Christie’s reported that its online sales increased 38% by lots, but rose 241% by value, reflecting the move to higher-end gems sold online. Even before Christie’s conducted its first major jewelry auction, it sold a 28.86-ct. D VVS cut corner rectangular diamond for $2.1 million at an online auction in late June its New York venue. That diamond set a price record for an online diamond sale and accounted for half of that event’s volume. 

Sotheby’s reported that its online jewelry sales totaled $769.4 million, an eight-fold increase over 2019 and accounted for nearly one-fourth of its total 2020 jewelry revenues of $310.5 million. That total was 8% above 2019 sales.

The auction houses noted that 83% of their lots offered were sold; a good percentage even in less challenging years. Indeed, both houses noted their changes were so successful that they will expand online and live-streaming sales going forward.

“We at Sotheby’s launched new sale formats, a new auction calendar and buy now marketplace allowing collectors to transact with us year-round via online platforms,” noted Gary Schuler, worldwide chairman of Sotheby’s jewelry division. “2021 will see us further expand this model.” 

Schuler added that the “buy-now” marketplace allows buyers 27/7 access to diamonds and colored stone pieces, as well as other items. 

Christie’s reported that it expanded its online jewelry sales to “every major sale site including Paris, Geneva and London to make our digital footprint as global as our auction footprint.” In addition, the auction house added 17 “Curated online Jewels Sales” — special collections of designer pieces and gemstones in an auction format. The company also expanded its charitable auctions division online.

As usual, fancy color diamonds dominated the highlights of the year:

Jadeite bead necklace and a pink diamond were among the top lots sold by major auction houses online last year.

The most controversial sale of the year was Sotheby’s standalone auction of a 102.39 ct D Fl oval cut (top of page) that had been mined by De Beers at its Victor mine, before it closed the Canadian operation. Sotheby’s offered the diamond “without reserve” in October at its Hong Kong venue. Sotheby’s explained it lifted its reserve because “diamonds of this caliber attract interest well beyond the traditional pool of collectors. This innovative sale seems to us the best way to introduce this exceptional diamond to the world in the current circumstances.” 

While Sotheby’s noted that, at $15.7 million, it was its second most expensive lot sold in 2020, some dealers believed it was a bargain price, citing a diamond of similar weight, grade and weight that sold for nearly double that price in 2013. 

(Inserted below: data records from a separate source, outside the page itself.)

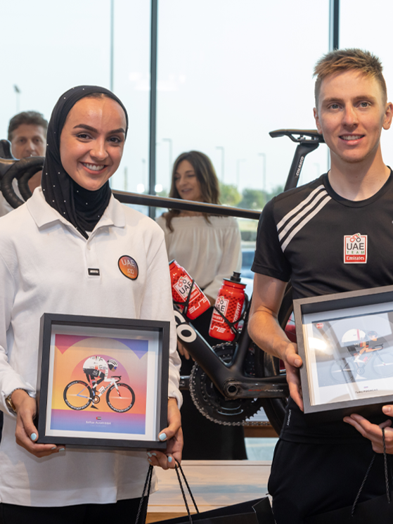 L’inaugurazione del Colnago Abu Dhabi è avvenuta lo scorso 21 ottobre alla presenza dei campioni del brand lombardo. Stiamo parlando naturalmente degli atleti dell’UAE Team Emirates e dell’UAE Team ADQ. Le due formazioni si sono ritrovate a Abu Dhabi per una sorta di “rompete le righe” di fine stagione e hanno approfittato dell’occasione per vedere il nuovo flagship store. Non poteva mancare Tadej Pogacar, il due volte vincitore del Tour de France e dell’ultimo Il Lombardia. Con lui Juan Ayuso, reduce dal terzo posto alla Vuelta, Matteo Trentin e Joao Almeida. Per la UAE Team ADQ era presente Yousif Mirza, insieme a Sofia Bertizzolo, Laura Tomasi, Eugenia Bujak e Safiya Al Sayegh.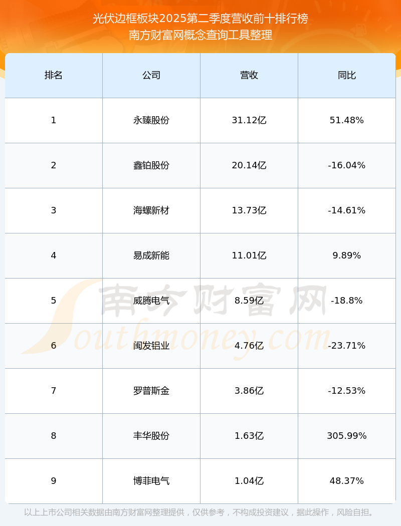 按照南方財(cái)富網(wǎng)概念查詢工具統(tǒng)計(jì),該股所屬板塊為光伏邊框板塊,該板塊共有9只股票,永臻股份2025第二季度營(yíng)收在該板塊中排名為第1名,該板塊2025第二季度營(yíng)收排名前十的股票如下表: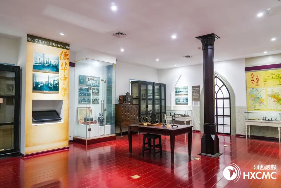 打开海河中学教育博物馆的大门,一股尘封的木质香味扑面而来,映入眼帘的是德式风格的装修和布局。海河中学团委书记、历史教师段帅帅介绍,这是仿制百年前德华普通中学堂实验室的实景。

Auction houses have been gearing up their competition with luxury retailers for many years; selling an increasing percentage of newly-cut gems and “made for auction” jewelry pieces, as distinct from estate items. Their actions in response to Covid restrictions — having goods available 365 days of the year— will make them much stronger competitors going forward, especially as these retailers are also moving to an online presence.

Russell Shor is a diamond, gemstone, and jewelry analyst with Roshem Ventures, a global consultancy network of thought leaders, professionals, entrepreneurs, businesses, and stakeholders working together for sustainable social and environmental impact beyond financial return. He has 40+ years of experience in analysis and reporting from major gemstone and diamond production areas around the world, and consulting on international business strategies from production to consumer markets. He has been interviewed by The New York Times, CNN, The Wall Street Journal, Financial Times of London, Bloomberg, Canadian Broadcasting Corp., National Public Radio, New Yorker magazine and numerous other international press organizations and appeared on the History Channel.